Утро началось намного раньше обычного. Максимов оделся, по привычке первым долгом прошел в центральный пост, увидел - все идет нормально, успокоился и приказал вызвать к нему Геннадия.

И вот он вошел. Свежий, порозовевший, правда, на щеках выступили пятна обморожения, напоминая об опасном путешествии. Он был все в том же сером свитере, словно только что шагнул со льдины на палубу корабля.

Максимов протянул руку, показал на диван и добродушно спросил, показывая на унты:

- Вам все еще холодно?

- Наоборот, жарко, товарищ адмирал. Кажется, из ледяной пасти вырвались.

Максимов рассмеялся:

- Да, именно из ледяной пасти. Не думал я, что так получится… Многое можно предусмотреть, кроме капризов природы.

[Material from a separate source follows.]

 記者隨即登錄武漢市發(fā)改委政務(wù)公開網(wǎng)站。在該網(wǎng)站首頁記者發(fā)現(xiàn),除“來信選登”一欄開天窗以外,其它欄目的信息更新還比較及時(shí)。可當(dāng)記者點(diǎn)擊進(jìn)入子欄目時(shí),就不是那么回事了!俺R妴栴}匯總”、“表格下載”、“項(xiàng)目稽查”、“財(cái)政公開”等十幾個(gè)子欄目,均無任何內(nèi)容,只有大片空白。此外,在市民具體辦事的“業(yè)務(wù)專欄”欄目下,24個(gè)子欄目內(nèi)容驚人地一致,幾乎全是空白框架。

- Ничего, товарищ адмирал, в жизни все надо испытать.

Максимов с беспокойством рассматривал пятна на щеках Геннадия.

- Крепко вас морозец прихватил.

- Не мороз виноват. Я сам прохлопал. Надо было щеки растирать, а я растирал пальцы. Нужны для дела… Сначала съемка, потом пурга поднялась, ничего не видно, и мы сами чуть-чуть не потерялись. Ну, все обошлось. Программу выполнили полностью. Станцию установили точно по чертежам. Опробовали приборы. Работают как часы…

Максимов взялся за термос и начал разливать чай: один стакан протянул Геннадию, другой поставил перед собой. И было все очень просто, как бы по-семейному.

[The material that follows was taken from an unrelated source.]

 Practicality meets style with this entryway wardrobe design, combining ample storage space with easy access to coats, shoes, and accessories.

- А представьте, если бы мы не нашли «окно», не всплыли в тот же день. Что бы вы стали делать? - спросил Максимов, неторопливо раскуривая свою неизменную трубку.

- Поставили бы палатку и ждали…

- Ну а если бы на другой день мы тоже не появились?

- Опять ждали бы, - как о чем-то само собой разумеющемся сказал Геннадий. - Нам некуда было торопиться. Я так и решил: пошли наши на погружение. «Не вешать носы, - говорю ребятам, - если лодка не всплывет, за нами пришлют самолет. Тут дрейфующая станция недалеко». Голубев спрашивает: «Сколько километров до станции?» А откуда мне знать? «Километров двести, не больше…» - сказал я наугад, для успокоения.

- Точно! - подтвердил Максимов. - Только куда лучше не ждать авиацию, а своим ходом прийти домой. Не так ли?

- Конечно, - согласился Геннадий и начал по порядку рассказывать обо всем, что было после высадки на лед… - А ракета, товарищ адмирал… Я ничего подобного не представлял… Выскочила из лодки, как рыба из воды, подумала-подумала и понеслась в небо… Все запечатлено от первой до последней секунды, пока она не скрылась…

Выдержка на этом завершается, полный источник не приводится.